Inhibition of human telomerase by 2′-O-methyl-RNA

Telomerase, a ribonucleoprotein up-regulated in many types of cancers, possesses an RNA template necessary to bind and extend telomere ends. The intrinsic accessibility of telomerase to incoming nucleic acids makes the RNA template an ideal target for inhibition by oligonucleotides. We report here that 2′-O-methyl-RNA (2′-O-meRNA), an oligonucleotide chemistry known to exert sequence-specific effects in cell culture and animals, inhibits lelomerase with potencies superior to those possessed by analogous peptide nucleic acids (PNAs). Potent inhibition relative to PNAs is surprising, because the binding affinity of 2′-O-meRNAs for complementary RNA is low relative to analogous PNAs. A 2′-O-meRNA oligomer with terminal phosphorothioate substitutions inhibits telomerase sequence-selectively within human-tumor-derived DU145 cells when delivered with cationic lipids.

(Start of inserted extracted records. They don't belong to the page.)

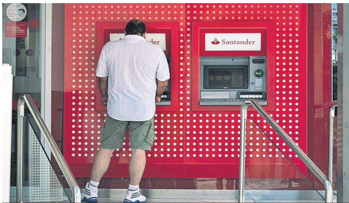
Un hombre saca dinero de un cajero automático de un banco. RAFA DEL BARRIO

● En el caso de los hogares el volumen total en lo que va de ejercicio se ha reducido un 2% y en el de las compañías un 6%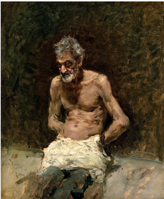
Óleo sobre lienzo [Oil on canvas], 47 × 39 cm Colección de Arte Fundación María José Jove [Fundación María José Jove Art Collection]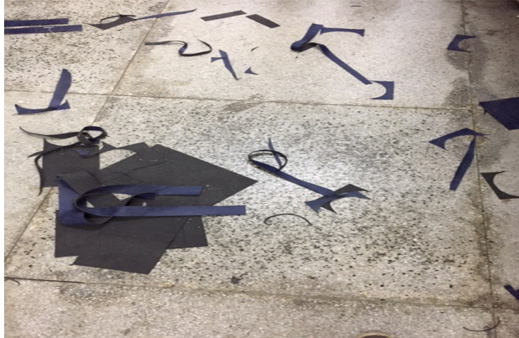
Figura 13. Resíduos de plástico. Proveniente do processo produtivo

A partir dos cortes, sobram pedaços onde esses quando muito pequenos não servem para a política de reutilização da unidade, assim caracterizando-se como resíduo.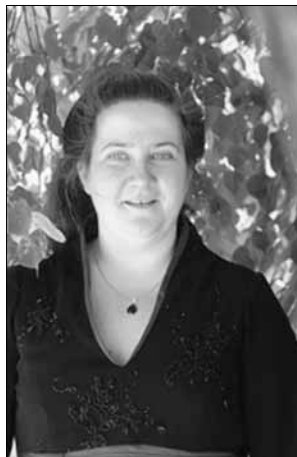
Foto (Susanne Krumbiegel): Susanne Krumbiegel konnte als Solistin für das Weihnachtsoratorium gewonnen werden.

Vielleicht eine gute Möglichkeit sich auf die Adventszeit vorzubereiten.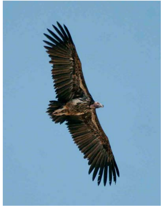
487 Magnificent Frigatebird / Amerikaanse Fregatvogel Fregata magnificens , Chester Zoo, Cheshire, England (found near Whitchurch, Shropshire, England, on 7 November 2005), 8 November 2005 (Mark Eaton) 488 Lappet-faced Vulture / Oorgier Torgos tracheliotus , Shalatin, Egypt, 18 October 2005 (Dominic Mitchell/Birdwatch) 489 Namaqua Dove / Maskerduif Oena capensis , female, Wadi Gimal, Egypt, 19 October 2005 (Dominic Mitchell/Birdwatch)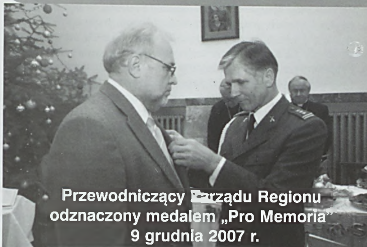
Przewodniczący Zarządu Regionu odznaczony medalem „Pro Memoria” 9 grudnia 2007 r.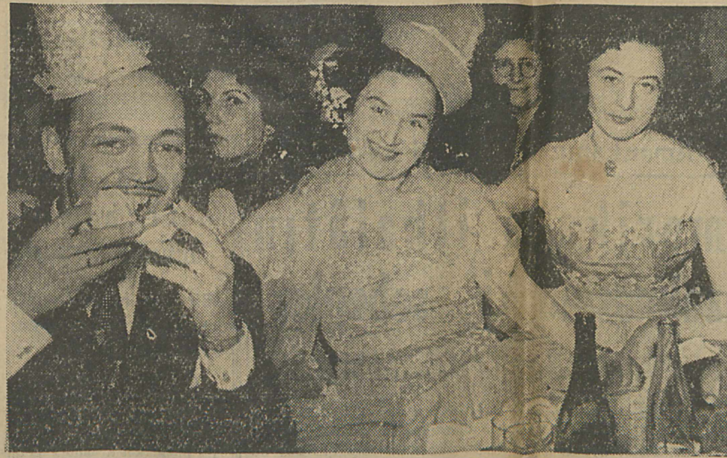
Ankara'da yeni yıla neşe içinde giren bir grup.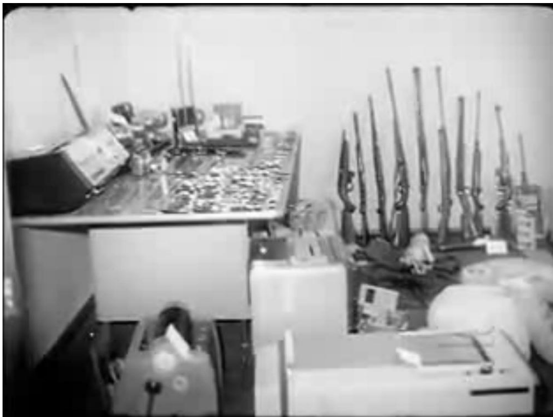
Imagem 3. Armamento apreendido no “aparelho” de Dimas Casemiro, em 17 de abril de 1971.

esclarecida. No seu “aparelho” foram encontrado um verdadeiro arsenal, com diversos rifles, metralhadoras, projéteis, granadas fabricadas à mão, pistolas e revólveres, como visto na Imagem 3.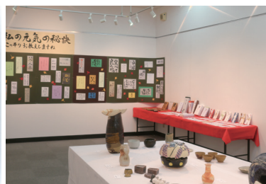
文化祭作品発表より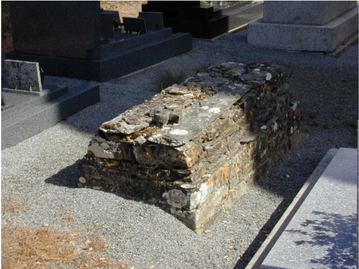
Tombe en dalles de schiste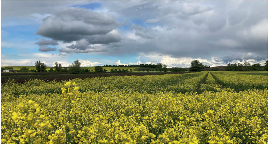
Das Wetter: kühl, aber trocken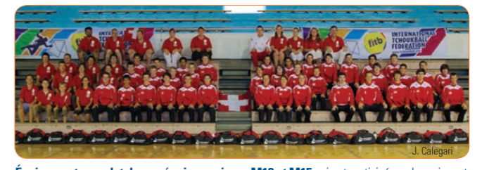
Équipement complet de nos équipes suisses M18 et M15 qui ont participé au championnat du monde à Taiwan: Maillots «sublimés», training «Erima», polo, sac de sport avec flocage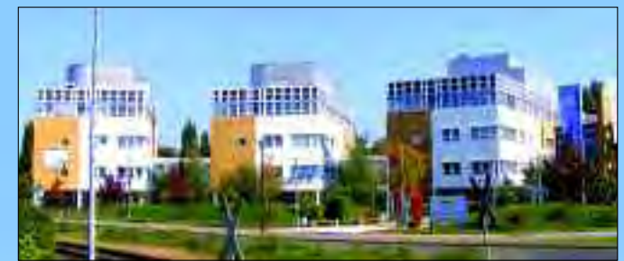
Im Sommer 1998 wurde im Gewerbegebiet Süd 1 der Grundstein für ein modernes Bio Technologie Zentrum in Hennigsdorf gelegt

das pittoreske Wohnquartier der Grenzturnes. Den Ausblick über den Nieder Neuendorfer See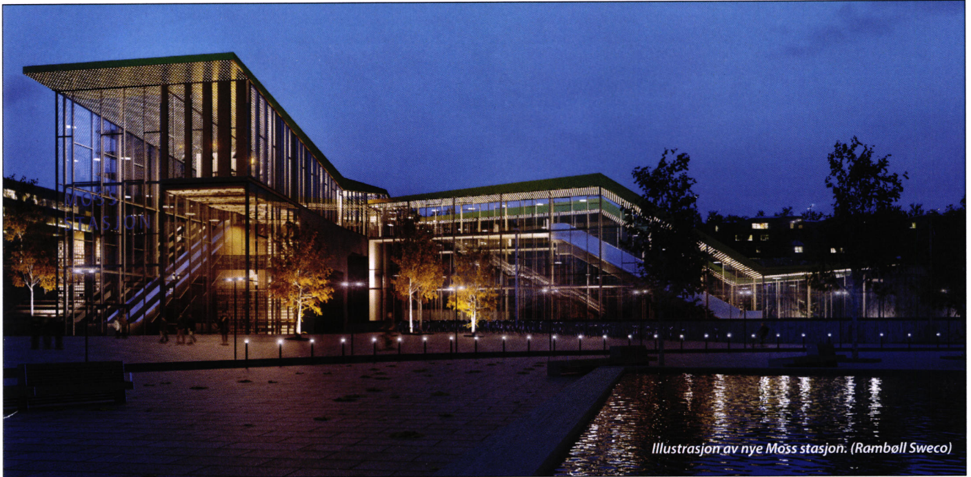
Illustrasjon av nye Moss stasjon. (Rambøll Sweco)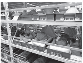
探検⑤ 1階の展示収蔵庫。この部屋では、市域の歴史を感じられる遺物はどんなものか、またそれらをどのように収蔵しているのかを分かりやすく展示しています。

まいぶんセンターを訪れたことのある方は1階にある、「市内発掘調査報告展」、「整理室」、「展示収蔵庫」、「創作実習室」をご覧になったかと思います。実はこの建物は4階建てで、その3階には一般公開していない秘密の部屋があるのです。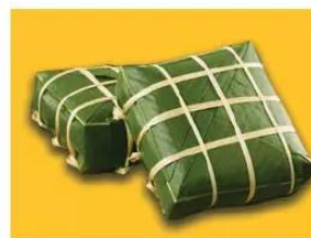
15.6 Bánh chưng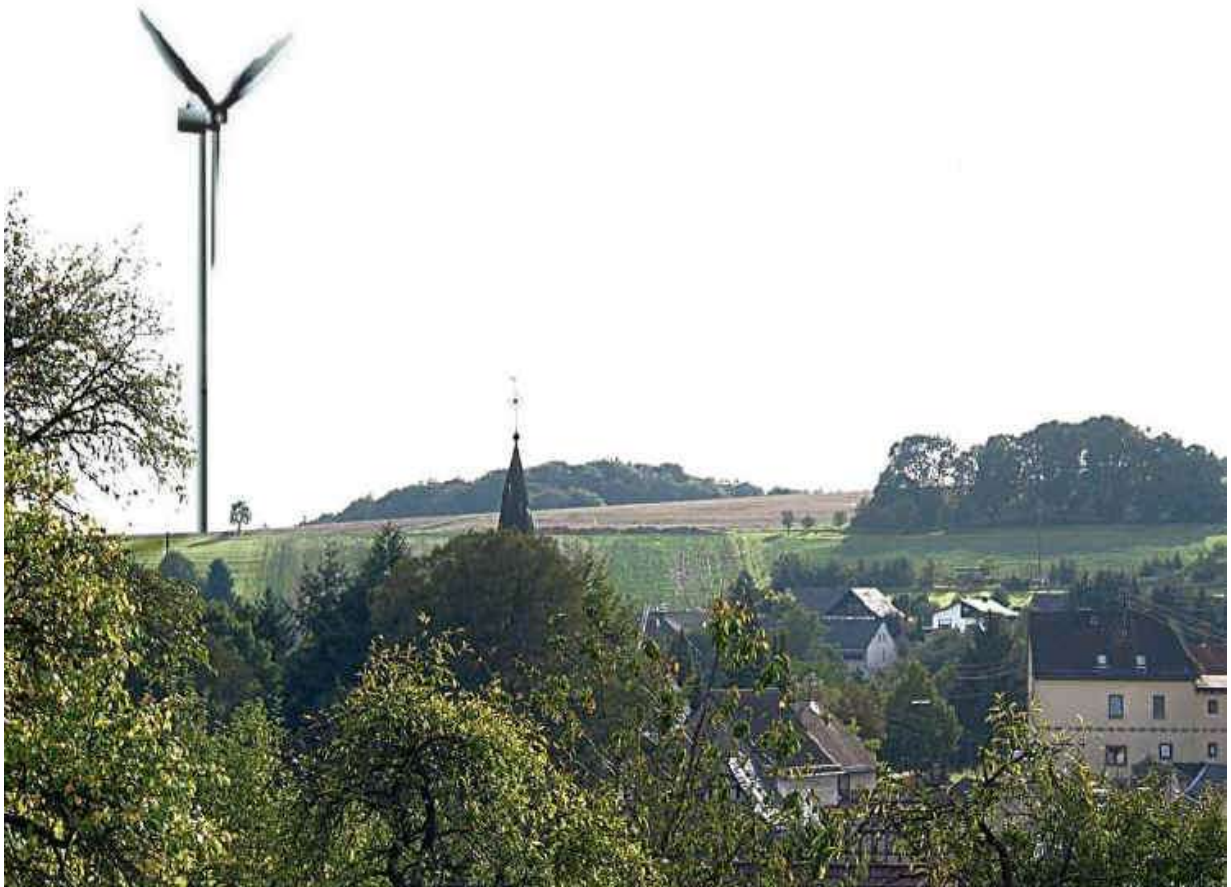
Fotomontage (Anlage 3 b) Blick über Alsbach

In contrast to the ability of 2′-O-meRNA oligomers to inhibit telomerase, the binding of a 2′-O-meRNA to an inverted repeat within plasmid DNA was not detectable, whereas binding of PNA was efficient, suggesting that the relative accessibility of the telomerase RNA template is essential for inhibition by 2′-O-meRNA. Inhibition of telomerase by 2′-O-meRNA will facilitate probing the link between telomerase activity and sustained cell proliferation and may provide a basis for the development of chemopreventive and chemotherapeutic agents.